The Tokyo Trials, formally the International Military Tribunal for the Far East (IMTFE), were convened in Tokyo from May 1946 to November 1948 to try senior Japanese political and military leaders for offenses committed before and during the Second World War. The tribunal was established by a special proclamation issued by General Douglas MacArthur, the Supreme Commander for the Allied Powers (SCAP), on 19 January 1946, and modeled in structure on the Nuremberg Charter agreed by the Allies in 1945.
Eleven judges sat on the bench, drawn from Australia, Canada, China, France, India, the Netherlands, New Zealand, the Philippines, the Soviet Union, the United Kingdom, and the United States.

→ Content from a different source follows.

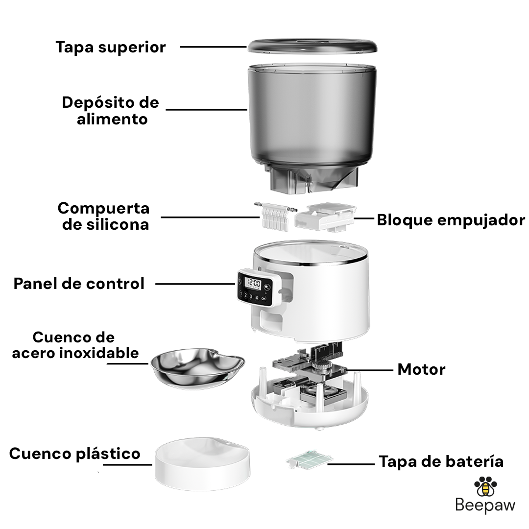 - Capacidad máxima: 4 L (aprox. 3 kg de alimento seco)

The Australian jurist Sir William Webb presided. Twenty-eight defendants were indicted, including former prime minister Hideki Tōjō, foreign minister Kōki Hirota, and several generals and senior officials. Charges fell into three broad classes: Class A (crimes against peace, including waging aggressive war), Class B (conventional war crimes), and Class C (crimes against humanity).
The tribunal delivered its judgment in November 1948. All remaining defendants were convicted; seven, including Tōjō and Hirota, were sentenced to death by hanging and executed at Sugamo Prison on 23 December 1948. Others received life or fixed-term imprisonment.
The proceedings remain contested. Indian judge Radhabinod Pal issued a lengthy dissent rejecting the legal basis of the aggression charges and acquitting all defendants. Critics also note that Emperor Hirohito was not indicted, that the use of atomic weapons and Allied area bombing were not examined, and that biological-warfare research by Unit 731 was effectively shielded. Despite these criticisms, the Tokyo Trials—alongside Nuremberg—are foundational precedents for modern international criminal law, influencing the statutes of the ICTY, ICTR, and the Rome Statute of the International Criminal Court.
Example
In November 1948, the IMTFE sentenced former Japanese Prime Minister Hideki Tōjō to death for his role in initiating aggressive war in the Pacific.
Frequently asked questions
General MacArthur and the U.S. occupation authorities decided that prosecuting Hirohito would destabilize Japan and complicate the occupation, so he was granted immunity and retained as a constitutional monarch.